This was a world in which gentleness was neither a virtue that commanded esteem, nor a quality that promoted survival.

Philip Stibbe, in Rangoon Jail, wrote: "We became hardened and even callous. Bets were laid about who would be next to die. Everything possible was done to save the lives of the sick, but it was worse than useless to grieve over the inevitable."

Self-respect was deeply discounted. Every day, prisoners were exposed to their own impotence. Rosen watched Japanese soldiers kick ailing Americans into latrine pits: "You don't know the meaning of frustration until you've had to stand by and take that."

Almost every prisoner afterwards felt ashamed that he had stood passively by while the Japanese beat or killed his comrades. And prisoners hated the necessity to bow to every Japanese, whatever his rank and whatever theirs. No display of deference shielded them from the erratic whims of their masters.

Japanese behaviour vacillated between grotesquery and sadism. Ted Whincup laboured on the notorious Burma railway, a 250-mile track carved through mountain and dense jungle.

The commandant insisted that the prisoners' four-piece band should muster outside the guardroom and play "Hi, ho, hi, ho, it's off to work we go" - the tune from Snow White - each morning as skeletal inmates shambled forth to their labours.

If guards here took a dislike to a prisoner, they killed him with a casual shove into a ravine.

The Japanese seemed especially ill-disposed towards tall men, whom they obliged to bend to receive punishment, usually administered with a cane.

One day Airman Fred Jackson was working on an airfield on the coral island of Ambon when, for no reason, six British officers were paraded in line, and one by one punched to the ground by a Japanese warrant officer.

A trooper of the 3rd Hussars, being beaten by a guard with a rifle, raised an arm to ward off blows and was accused of having struck the man.
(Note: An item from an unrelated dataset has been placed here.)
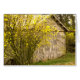 Früh blühende Forsythia frontiert eine alte Kornkammer nahe dem Skyline Drive, Virginia

After several days of beatings, he was tied to a tree and bayoneted to death.

An officer of the Gordons who protested against sick men being forced to work was also tied to a tree, beneath which guards lit a fire and burnt him like some Christian martyr.
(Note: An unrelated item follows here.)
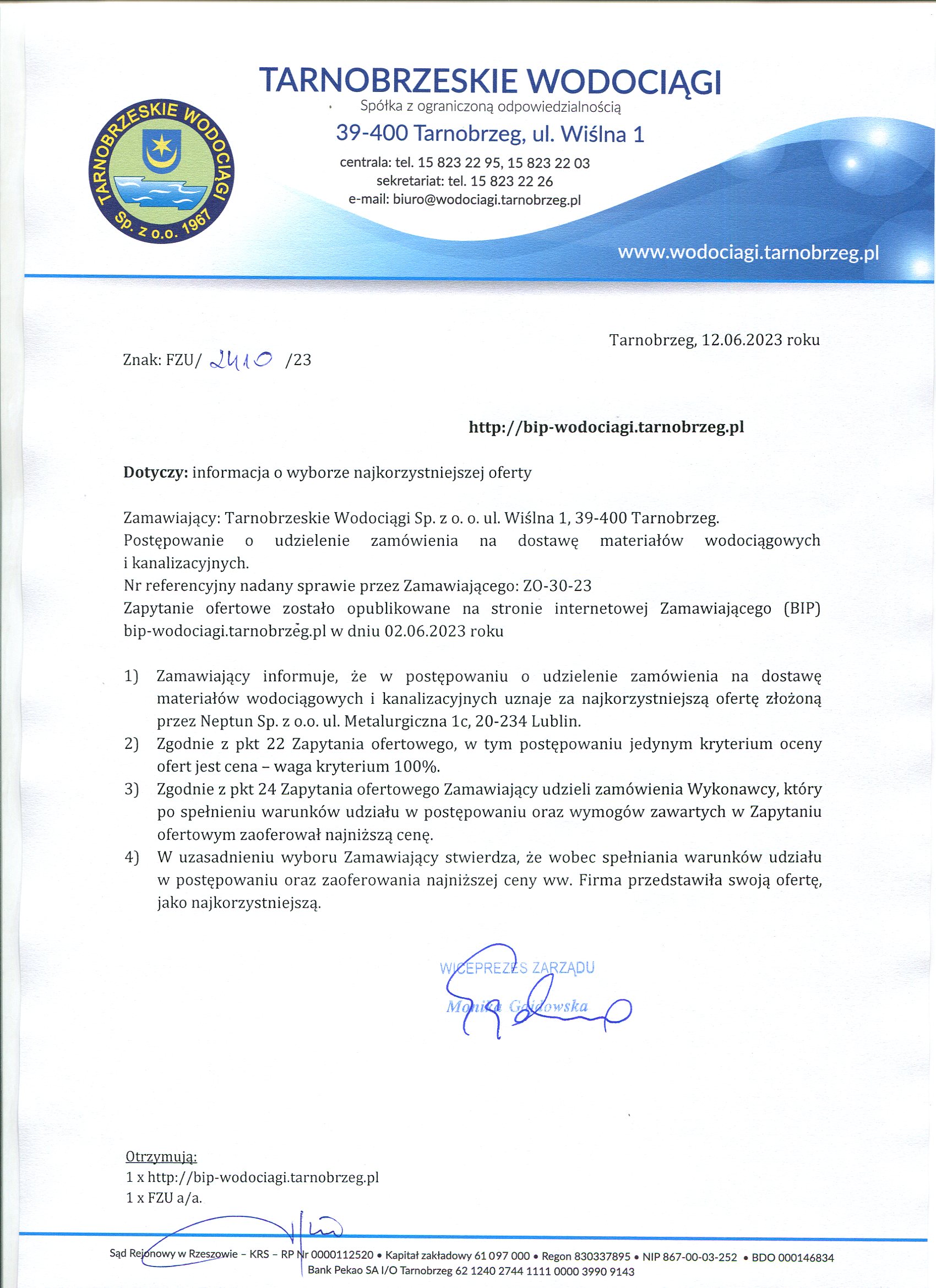 - informacja o wyborze oferty: ZO-30-23 informacja o wyborze oferty

Although Labour on the notorious Burma railway represented the worst fate that could befall an Allied PoW, shipment to Japan as a slave labourer also proved fatal to many.

In June 1944, the commandant in Hall Romney's camp announced to the prisoners that their job on the railway was done. They were now going to Japan.

Conditions in the holds of transport ships were always appalling, sometimes fatal. Overlaid on hunger and thirst was the threat of US submarines. The Japanese made no attempt to identify ships carrying PoWs. At least 10,000 perished following Allied attacks.

RAOC wireless mechanic Alf Evans was among 1,500 men on the Kachidoki Maru when she was sunk. Evans jumped into the water and dog-paddled to a small raft to which three other men were already clinging to.

One had two broken legs, another a dislocated thigh. They were all naked, and coated in oil. A Japanese destroyer arrived, and began to pick up survivors - but only Japanese.

Evans paddled to a lifeboat left empty after its occupants were rescued, and climbed aboard, joining two Gordon Highlanders. They hauled in other men, until they were 30 strong.

After three days and nights afloat, they were taken aboard a Japanese submarine-hunter. The captain reviewed the bedraggled figures paraded on his deck, and at first ordered them thrown over the side. Then he changed his mind and administered savage beatings all round.

Eventually the prisoners were transferred-to the hold of a whaling factory ship, in which they completed their journey to Japan. Filthy and almost naked, they were landed on the dockside and marched through the streets, between lines of watching Japanese women, to a cavalry barracks. There they were clothed in sacking and dispatched to work 12-hour shifts in the furnaces of a chemical work.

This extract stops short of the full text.